The Key is how to write commands in order to control the delivery of these Software images into your local machine (mac, windows, linux). Once an image has been pull from DockerHub, one has the ability to customize an image. One has the ability to make an image from Dockerhub to a single instance of that image, or to as many as thousands of local instances of that one particular image. These Local Runnable images can then be copied with unique customization then turned into Containers. After customization, one would run the containers, altered its configs, add features, and finally delete them, if necessary.

For example: the following 10 lines of code can be saved into a file called: Dockerfile. Once the code has been inserted into this special file. One can run this file in your terminal and execute all the commands. Your supervisor would be impressed that you are busy ! **b/c the longer this file is, the more text will fly across your terminal like a screen saver.

# This is a Docker Script

FROM ubuntu
ENV PATH /usr/local/bin:$PATH
ENV LANG C.UTF-8
MAINTAINER Yourname (email@isp.com)
RUN set -eux; \
apt-get update -y; \
apt-get install -y wget; \
apt-get install -y vim; \
apt-get install -y apache2; \
apt-get install -y mariadb
ENTRYPOINT ["/usr/sbin/apache2ctl", "start"]
EXPOSE 80

so.. now, you asked yourself, what do you do with the code from above ? right, in your OS, do a few things add that script and save it as Dockerfile.

mkdir $HOME/dockerimg
# copy that code from above and save it inside this $HOME/dockerimg location as "Dockerfile"
# to build this dockerscript, you can run the following command.
docker build -t NameofYourContainer:latest .

Now, you will see all kinds of text fly across your screen as if you are super busy doing something. You can also push it to your dockerhub account but one problem is that some of these images are pretty large. Unless that you have paid for a dockerhub account, generally its not allow to upload more than a a certain size of your image to dockerhub.

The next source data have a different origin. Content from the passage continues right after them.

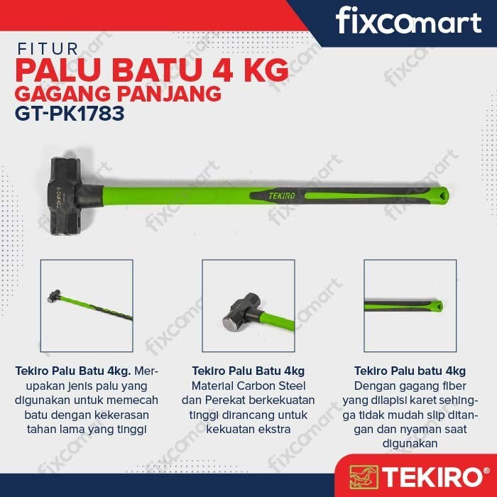 Tekiro Palu Batu 4kg. Merupakan jenis palu yang digunakan untuk memecah batu dengan kekerasan tahan lama yang tinggi,Tekiro Palu Batu 4kg Material Carbon Steel dan Perekat berkekuatan tinggi dirancang untuk kekuatan ekstra,Tekiro Palu batu 4kg memiliki gagang fiber yang dilapisi karet sehingga tidak mudah slip ditangan dan nyaman saat digunakan
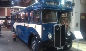 Bus in Transport Museum with the tram behind it.
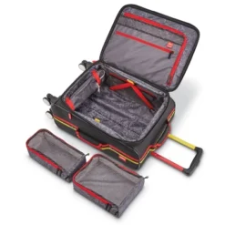 Travel in Mickey style with this American Tourister X Disney softside carry on! This bag will show off your personality while giving you all the bells and whistles you need while traveling! Not only does this luggage have a ain compartment packing with smart clip â„¢ buckles but it comes with removable packing cubes and a laundry bag for the ultimate organizatio.n Airline Approved – the carry on is perfect to bring aboard most major airlines.

Recently, i've gained this simple knowledge of realizing a newly developed, opensource like programming language made available to the general public, which resembled a derivative of C/C++ with some resemblance to C#. A natural language of the robots called Beef. Once, i had cloned the github repo onto both 18.04 ubuntu on (VM/metal) along with cloning directly to a Mac running the latest version of the Xcode, all three occurrences when compiling this software failed miserably.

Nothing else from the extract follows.